Could mechanical trees save the world? proposes that 'modern' trees could have leaves of algae and collect carbon dioxide more efficiently than natural trees. The BBC article suggests an artificial tree could remove 10 metric tons of carbon a day. Included in the proposal is equipping buildings with skins of algae tubes that could also collect CO2.
Wiki reminds us that Carbon dioxide (CO2) is an incredibly stable molecule. It takes a lot of energy to separate the oxygen and carbon atoms once the molecule has formed. The CO2 molecule has two double bonds where two carbon electrons are shared with an oxygen atom. It is the formation of these covalent bonds that releases the heat energy that enabled early mankind to industrialize the world by burning fossil fuels. It is also the bane of modern civilization, although Wiki reminds us that during the Jurassic era, CO2 in the atmosphere was 4 to 5 times greater than today. A factoid you might not have known, CO2 never occurs in liquid state, regardless of temperature at pressures less than 5.1 atmospheres. Unless pressurized, it transitions directly from solid state (dry ice) to its gaseous state.
The Colorado Trees website provides some interesting statistics about natural trees.

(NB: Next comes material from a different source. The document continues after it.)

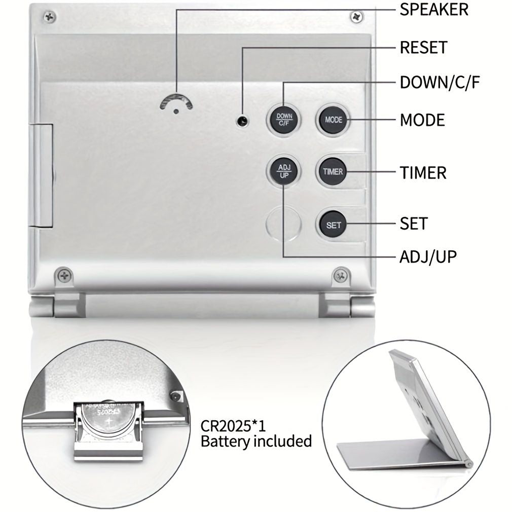 1pc, Foldable Digital Alarm Clock with Calendar, Temperature, and Battery Operation - Perfect for Bedroom, Living Room, and Office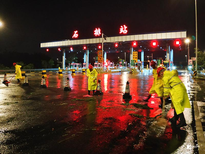 臺(tái)風(fēng)山竹吹襲期間,?;⒎止臼召M(fèi)人員清掃收費(fèi)廣場(chǎng)

An average tree absorbs about 48 pounds of CO2 a year. It takes about one acre of tree coverage to compensate for driving an automobile about 8000 miles. If every American family to were to plant a new tree, the aggregate CO2 sequestration would equal about 5% of the global CO2 production. An average tree produces enough oxygen for two humans.

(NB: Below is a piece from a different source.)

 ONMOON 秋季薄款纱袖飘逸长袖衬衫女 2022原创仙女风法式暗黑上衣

An interesting Department of Energy study tells that algae reactors could produce 20 grams of biomass per square meter per day, for the purpose of harvesting artificial petroleum. But that requires far greater CO2 concentration levels than present in the atmosphere. A CO2 pond with only atmospheric CO2 concentrations sequesters about 0.2 g carbon per square meter per day. If I did the math correctly, a 20 foot diameter algae pond will thus sequester 17 pounds of CO2 a year. (It is consistent with the CO2 sequestration of a tree.) Compare this to the 3.3 pounds of CO2 that a 60 watt light bulb produces for only 24 hours.
Mmm. CO2 sequestration does not seem to scale, does it? In other words, 7 billion people on the planet burning fossil fuels produces so much CO2 it seems unlikely that we can capture the CO2. Methinks we need something other than artificial trees.